The extension of the Dorleta building takes place with the insertion of a 6 meter deep bay where various functions will be carried out. On the other hand, the concrete frame has been maintained to facilitate better lighting. While the interior received the greatest attention in terms of design and organization, the exterior, for its part, also played an important role. Each face (North, South, East and West) adhere to the set in response to the environment that surrounds the building.
Description of project by beSTe arkitektura
The Dorleta building was built in 1976 to house a School of Teachers and later integrated into Mondragon Unibertsitatea as part of the Faculty of Humanities and Educational Sciences (HUHEZI). The Eskoriatza campus of this faculty is made up of both Dorleta and the 'Nagusia' building, located on the other side of the Deba river. The two buildings work together, both at the program and facilities level -the footbridge over the river being the element that allows this union and joint operation.
The project arises as to the result of a participatory process of shared diagnosis that aims to rethink the spaces of the campus. It is a transversal project that seeks to spatialize the specific characteristics and needs (pedagogical, relational and affective), both present and future, of the community that makes up the Faculty.
In addition to giving architectural shape to the key concepts that are adopted in the process deliberation tables, such as the adaptability and appropriability of the spaces, or the porosity towards the context, among others, the main decision of the project focuses on the possibilities which opens the (necessary) reform of the Dorleta building.
The project proposes as an initial premise to maintain its concrete structure, with a transversal span of 11 meters suitable for multipurpose learning spaces, adding a new 6-meter deep bay. This addition allows the surface of the old building to become a kind of adaptable classroom, and the new bay to absorb both the circulations and the more informal activities of the learning processes of its inhabitants.
This premise of addition is adapted and expanded on the ground floor to accommodate the new uses demanded by the pedagogical strategy of the university. Its main piece, KoLaborategia, adopts the same dimension of the cloister of the 'Nagusia' building to house the 'Laboratory of education and communication for the digital society', created recently. The intermediate space between KoLaborategia and the old Dorleta structure makes up the new hall, the main meeting place on campus. This space is called 'Hondartza', the Beach. The shared diagnostic process thus named the spaces that should be more indeterminate, left raw: spaces with a vocation to be appropriate for various uses, spaces adaptable over time.

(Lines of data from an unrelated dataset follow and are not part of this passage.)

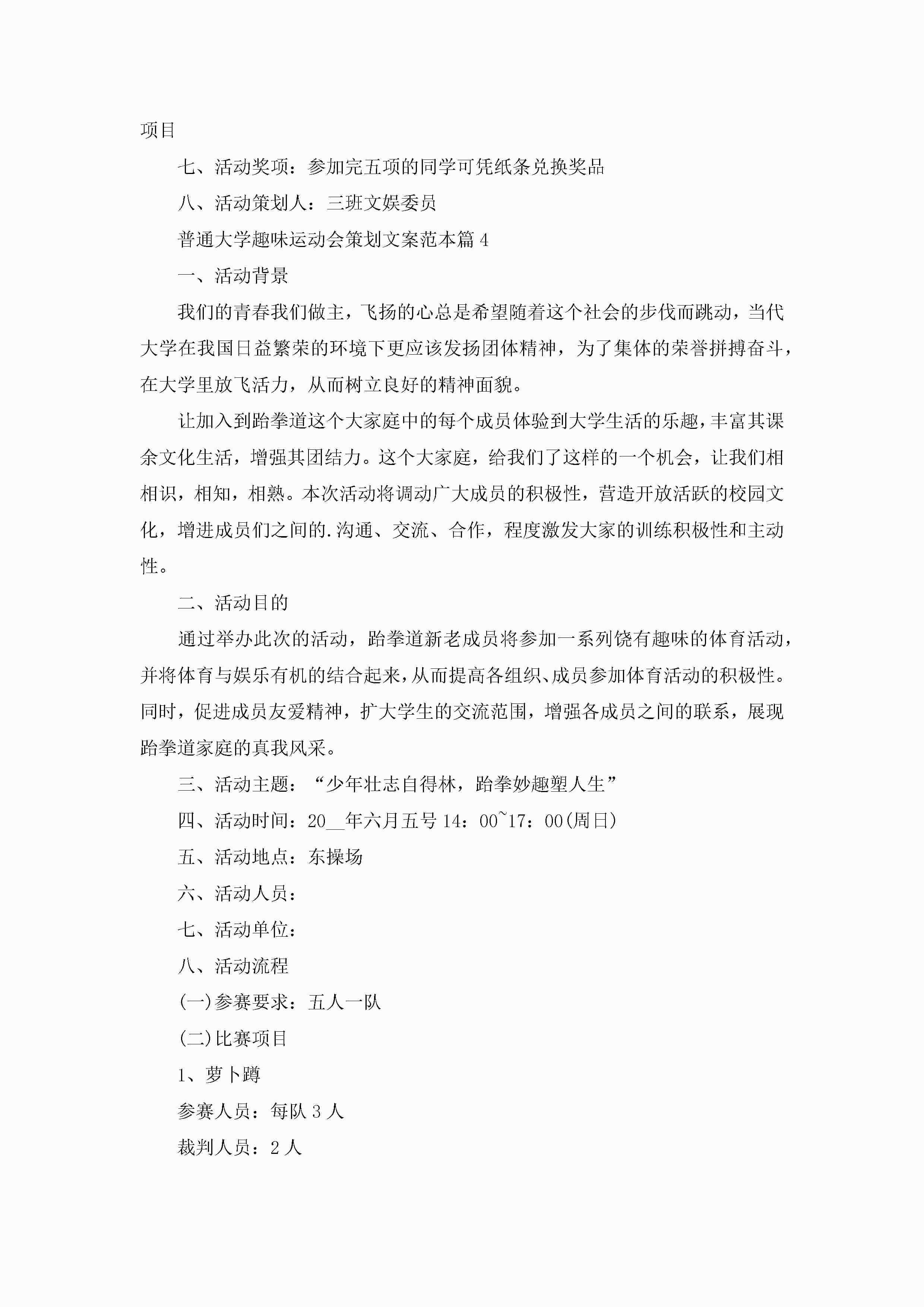 普通大学趣味运动会策划文案范本5篇jugei3月29日 00:27更新关注248 普通大学趣味运动会策划文案范本5篇此内容为付费资源,请付费后查看¥10.9 单篇文档限时特惠¥15个人会员开通企业会员开通立即下载无需登陆!可直接快捷下载单个模板付费资源© 版权声明THE ENDWord模板# 实用文档# 策划书# 工作文档# 活动策划 如有问题,可点击最底部“联系我们”联系客服 分享QQ空间微博QQ好友海报分享复制链接收藏
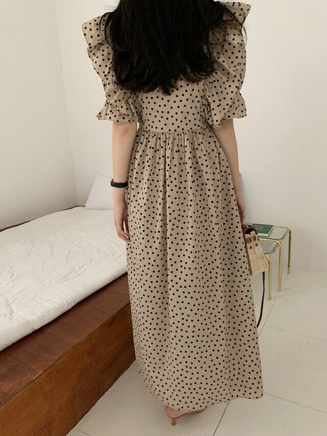 ドット柄が上品でフェミニンなロング丈ワンピース。
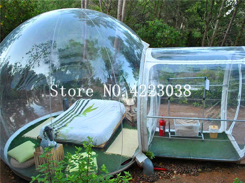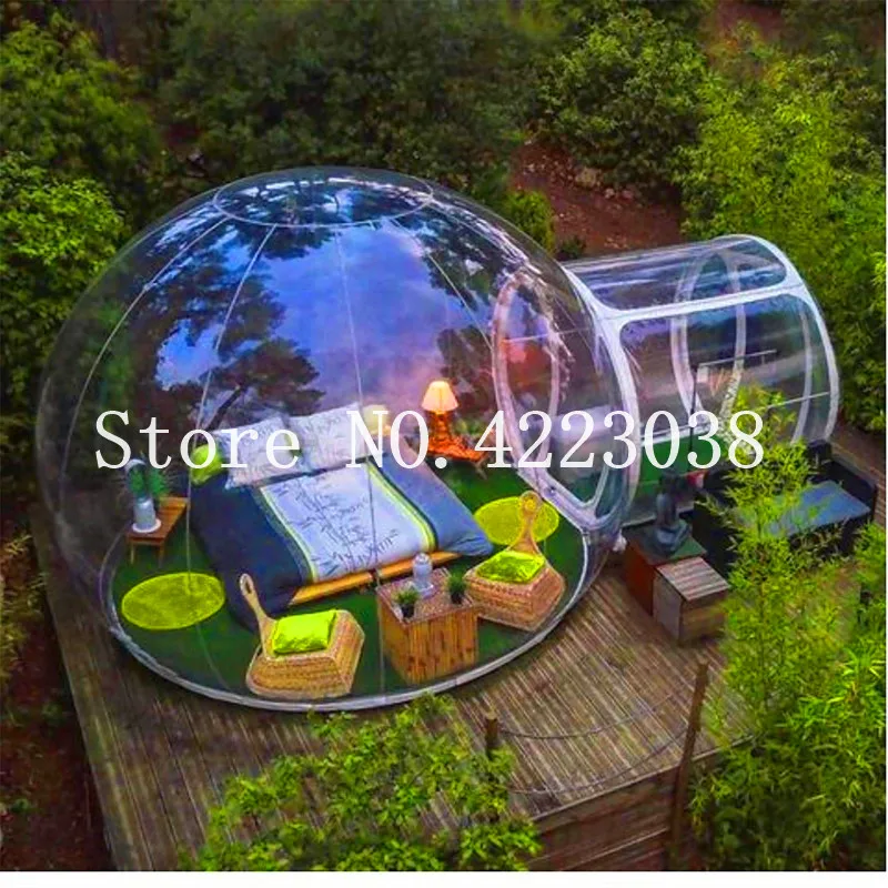Hot Sale Free Shipping Dia 3.8m+1.5m tunnel Transparent Inflatable Bubble Camping Tent with Free Air Pump
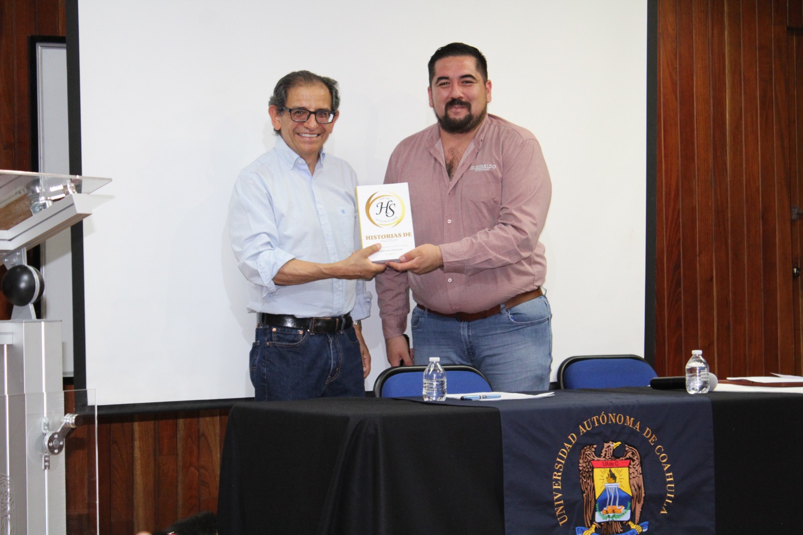 En presencia de alumnos, catedráticos y personal de la institución educativa, el reconocido historiador coahuilense, Carlos Recio Dávila, y el jefe de Información y Multimedia de El Heraldo de Saltillo, José Torres Anguiano, comentaron acerca de la obra editada por Francisco de la Peña, director de este medio.
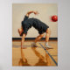 Uma pintura dinâmica a óleo de Art Deco que retrata um jogador de bola de cachorro fêmea em um arco retrógrado dramático e gracioso, sua forma geométrica estilizada definida pela iluminação macia do quiaroscuro enquanto ela evita uma bola vermelha em fluxo.
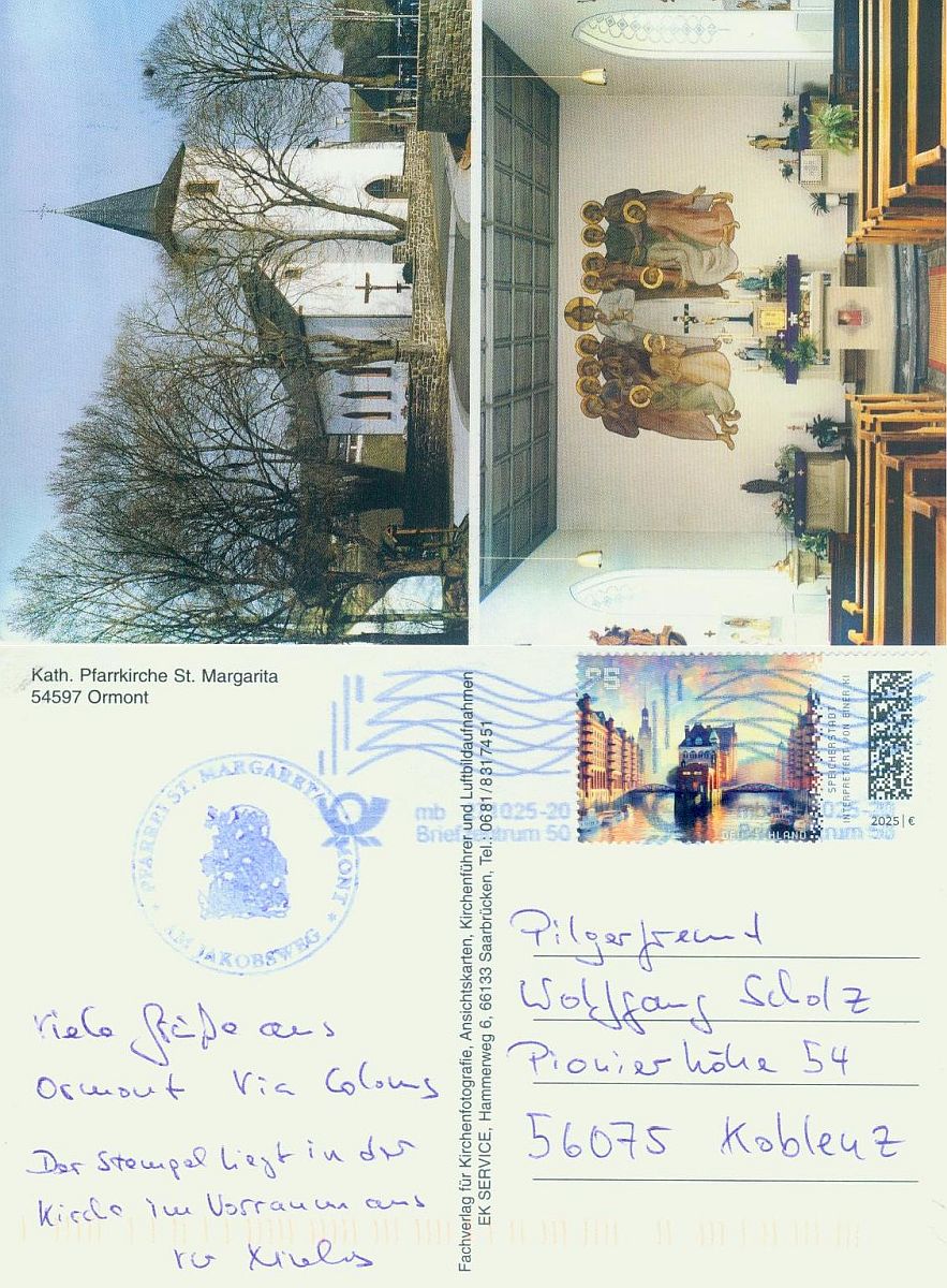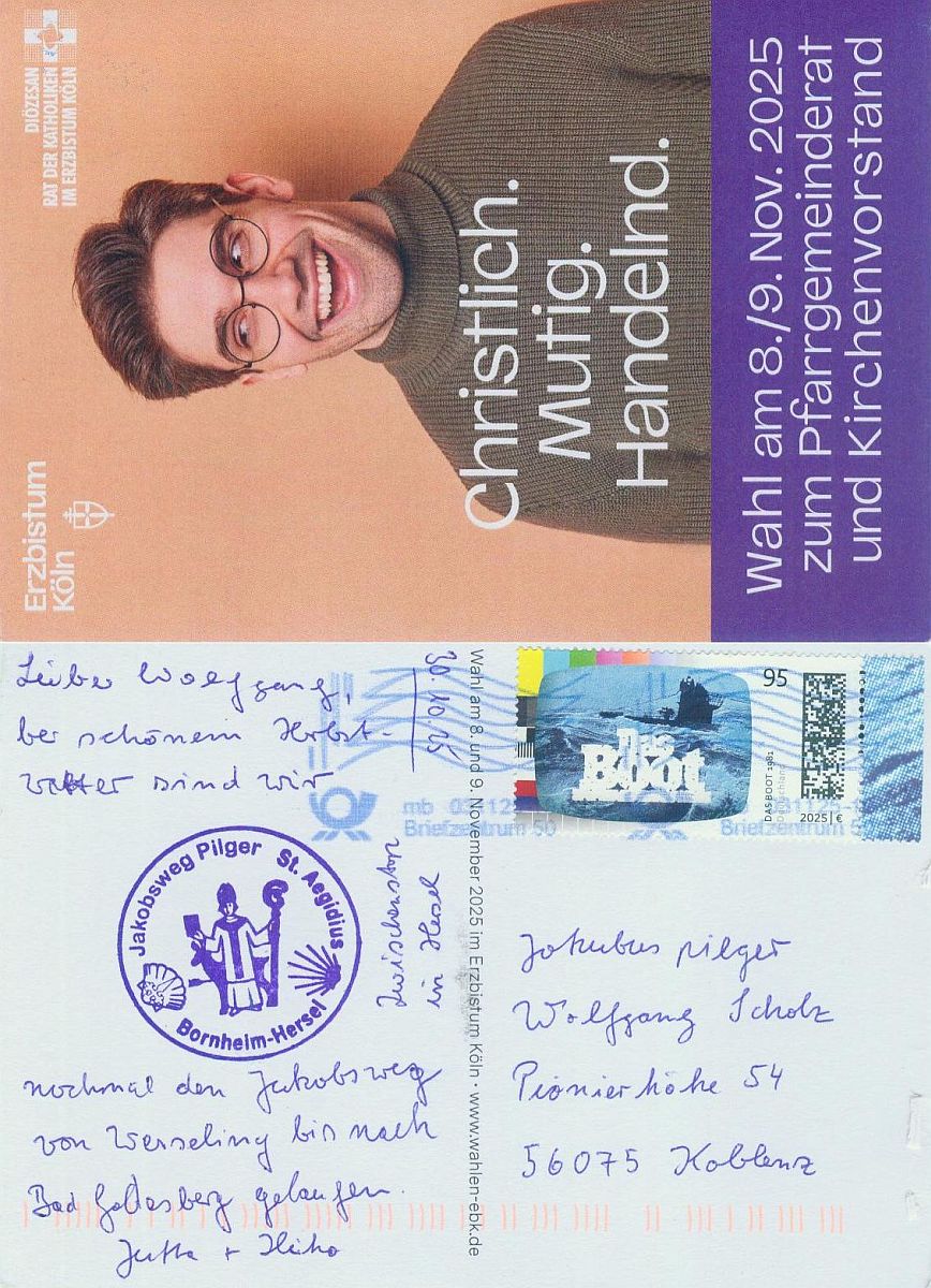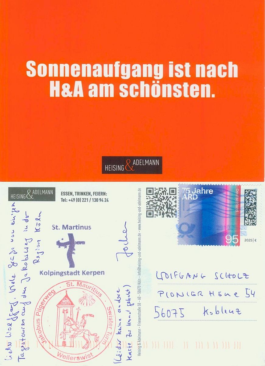 Manchmal bekomme ich liebe Post von Pilgern, die auf einem Jakosbweg unterwegs sind. Ich bin jedesmal sehr erfeut, wenn ich eine Postkarte im Briefkasten finde. Herzlichen Dank dafür.

In this meaning, the flexibility demanded by the new pedagogical proposals makes it necessary to test new types of classrooms. More than classrooms, these spaces are defined as flexible learning areas. They are relatively unfinished spaces, in which the installations are concentrated on the ceilings. Ceilings where most of the devices are located that guarantee the adaptability of these spaces to a pedagogical process that demands to be changeable over time - both to the variability in the size of the workgroups, as well as to the constant reformulation of the pedagogical contexts that inhabit them. In these ceilings different technological layers are assembled which, facilitating the mobility of the force points, guaranteeing acoustic comfort, etc., form a mechanism capable of being transformed in the future.
An itinerary around the exterior of the building shows, in turn, that it responds in different ways to the urban space it rearranges. To the northwest, the building should respond to the river's edge walk. This face of the building is crude, the concrete walls are folding to accompany the walk. To the southeast, the new patio appears somewhat more sophisticated, more boiled. It picks up the south orientation embracing a new outdoor space, to which it offers façade finishes of pinewood decking from the nearby forests. A structure superimposed on these faces of the building works at the same time as a support for the shading systems, the railings and the tensioned mesh lattices that will serve as a framework for the plant species that accompany the building. Species that also inhabit the roof of Hondartza, converted into a garden that returns to the environment the same surface that the extension of the building has occupied.